Directions => Reproduce, without alteration, every line of the data; exclude the images.
[Dataset excerpt — start]
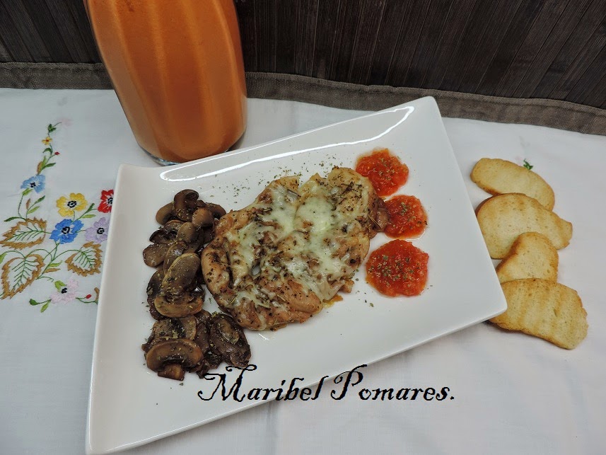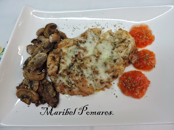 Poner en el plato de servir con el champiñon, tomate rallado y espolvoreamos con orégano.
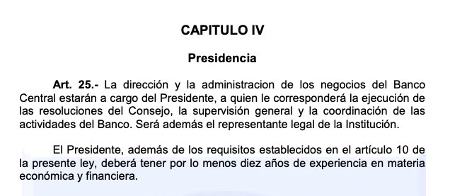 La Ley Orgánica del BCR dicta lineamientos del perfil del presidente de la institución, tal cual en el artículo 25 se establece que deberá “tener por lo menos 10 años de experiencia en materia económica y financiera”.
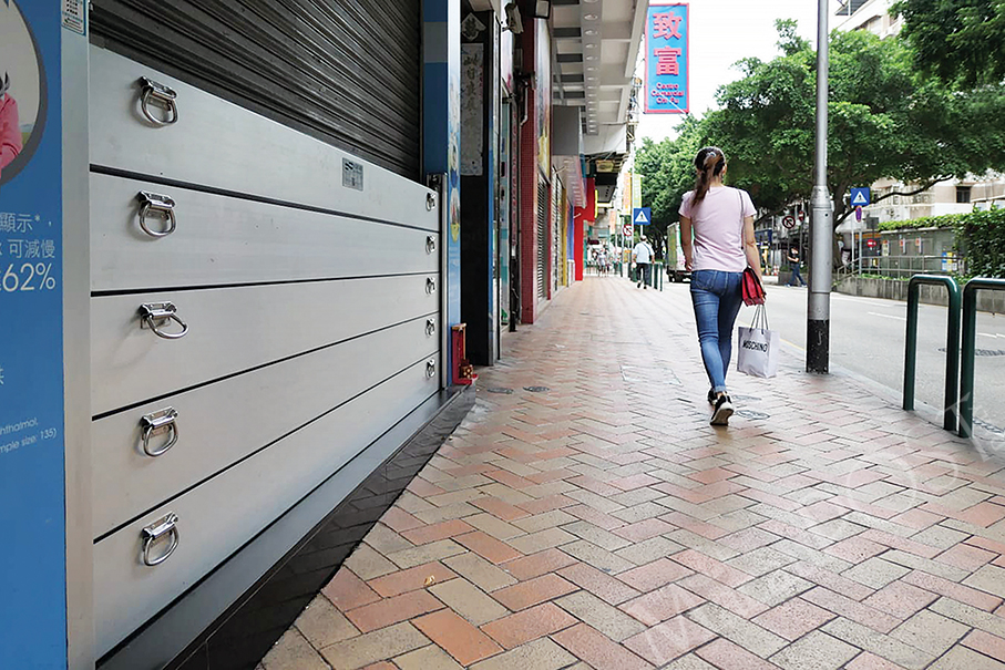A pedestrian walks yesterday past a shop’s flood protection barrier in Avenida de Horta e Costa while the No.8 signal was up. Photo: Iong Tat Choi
[Dataset excerpt — finish]
Reply =>
 Poner en el plato de servir con el champiñon, tomate rallado y espolvoreamos con orégano.
 La Ley Orgánica del BCR dicta lineamientos del perfil del presidente de la institución, tal cual en el artículo 25 se establece que deberá “tener por lo menos 10 años de experiencia en materia económica y financiera”.
A pedestrian walks yesterday past a shop’s flood protection barrier in Avenida de Horta e Costa while the No.8 signal was up. Photo: Iong Tat Choi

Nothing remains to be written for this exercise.